Friday, November 8, 2013

Orpheus' Lyre

Charles II

The next Catacoustic concert will continue a tour of 17th-century England that we began last spring.  You may remember the concert in Terrace Park of music by John Dowland, and how in peaceful 1607 he could comfortably compose music of gorgeous longing and transcendent melancholy.  But what happened next?  The Tudors gave way to the Stuarts, the Stuarts thoroughly alienated themselves from their people, and so began the English Civil War.  The appalling story of this catastrophic war which was fought between 1642 and 1651, but whose tensions began many years before and whose fallout lasted decades after, must be told elsewhere; for now let us reduce all the facts to this one: almost one million people died in England, Scotland, and Ireland, out of a population of 7.5 million.

Oliver Cromwell
 But the music didn’t stop.  We live in wartime ourselves—we know that the need for self-expression becomes greater, if anything, in times of stress.  England produced many great composers during these benighted decades, and it is their music we will hear December 7.  Our tour of this tragic century in England will conclude in April with a concert dedicated entirely to the music of William Lawes, the soldier-composer.  

If peacetime gave us beautiful melancholic music, what did wartime produce?  Adrenaline and the sense that each day could be one’s last gave the music energy and made the composers bold.  Born of turbulent times, the music was experimental, even avant-garde for the day.  Some of it was light-hearted and comic, to suit people seeking an hour’s relief from their distressing daily lives.  An example of this is The Twelve Wonders of the World, a set of satirical songs based on stock characters by John Maynard, c 1577-1633.  Maynard’s fluffy satires were nevertheless ahead of their time in their instrumental arrangements.  

Christopher Simpson
Christopher Simpson, 1602-1669, on the other hand, was a dedicated teacher, and wrote the most important instructional books for viol ever—they are still used by students today, 350 years after their publication.  But Simpson’s outwardly dull books, with titles like A Compendium of Practical Musick, were actually filled with virtuosic pieces, startling in their creativity.  John Jenkins, 1592-1678, was an industrious, religious man, who fled to the countryside during the war, where he taught and composed prolifically for the viol.  The Oxford Companion to Music has this to say about this sober,
conventional man: “The best of his music is distinguished by its lyrical invention, emotional intensity, and adventurous tonal schemes, and his first-hand knowledge of the viol allowed him to exploit its expressive and technical capabilities to the full.”

Some of these composers were pro-Parliament, some of them were Royalists.

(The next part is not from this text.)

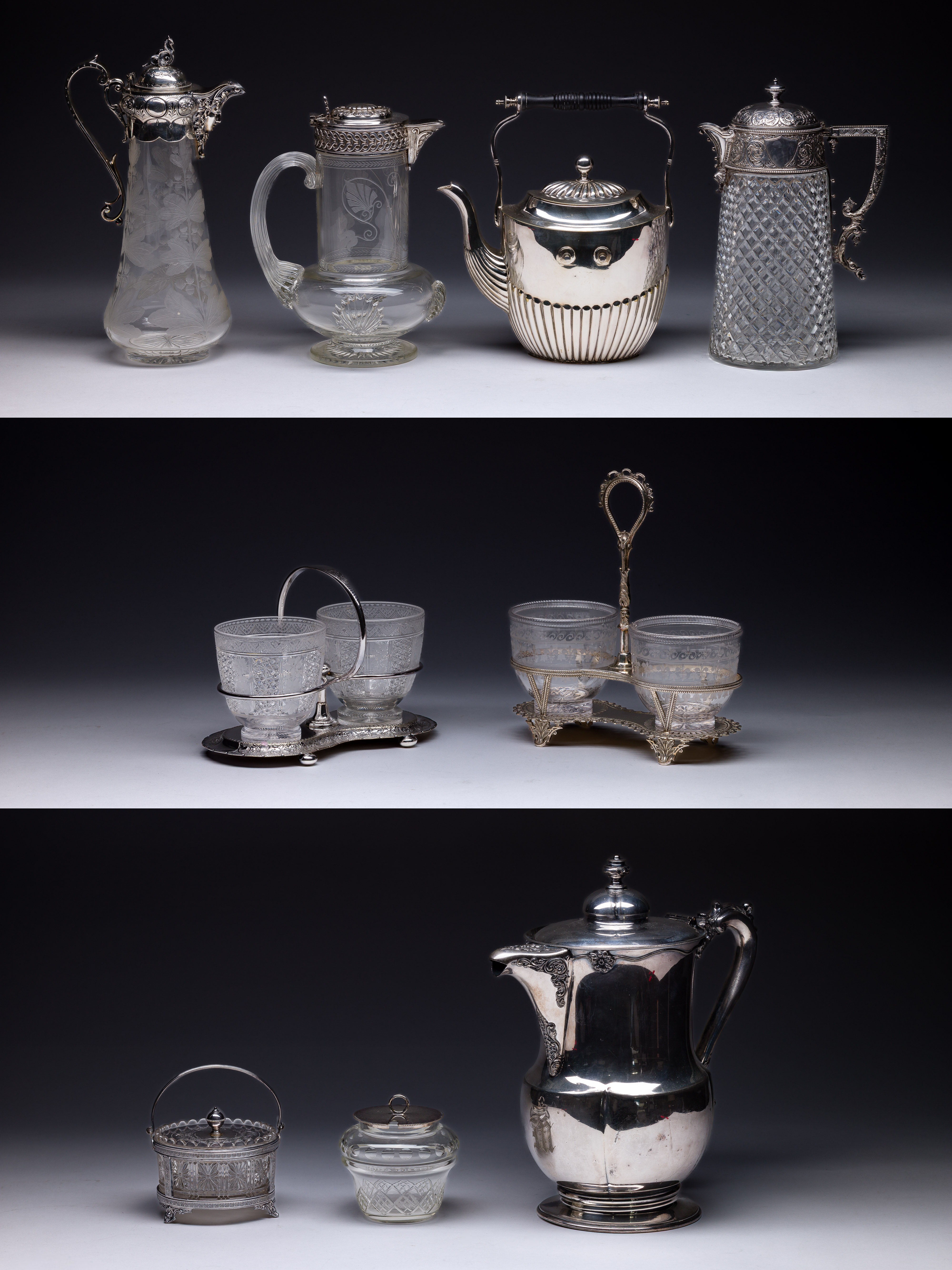 (9) items including a water pitcher, (2) etched glass flagons, a cut glass flagon, (2) condiment caddies, each having trays, two cut and etched glass bowls, a hot water pot and (2) pressed glass lidded jars

Some wrote light music, others more serious.  But what all
these men had in common was that they sojourned in cataclysm, and
tried to make sense of their experiences through vibrant,
ground-breaking music. 

Which brings us to the lyra viol.  This is an odd little off-shoot of the viol family, a chordal instrument in a family of melody-makers.  Part viol, part lirone, it is capable of playing both a tune and its accompanying chords.  Music for it is written not on the staff, but in tablature.  Strings are often retuned to create the harmonic combinations they were looking for.  (Remember Jenkins’ “adventurous tonal schemes”?)  The resulting sound is warm, complex, and rich beyond all expectation—an entire orchestra speaking in one voice.

Lyra Viol
Lyra viol was popular 300 years ago, especially in England. Perhaps an anomalous instrument was necessary to describe a world gone mad.  But very few people today have taken it up.  The music you will hear at this concert, therefore, is very rarely performed, and is far outside the mainstream of Baroque viol music. An ensemble of extraordinary musicians, viols, lutes, and voices, will assemble at the beautiful Indian Hill Church to take us to another place and time, not so  different from our own. 

7:30pm Saturday, December 7, 2013
Indian Hill Church, 6000 Drake Road, Cincinnati (Indian Hill), OH  45243
Ample parking is available in church parking lot.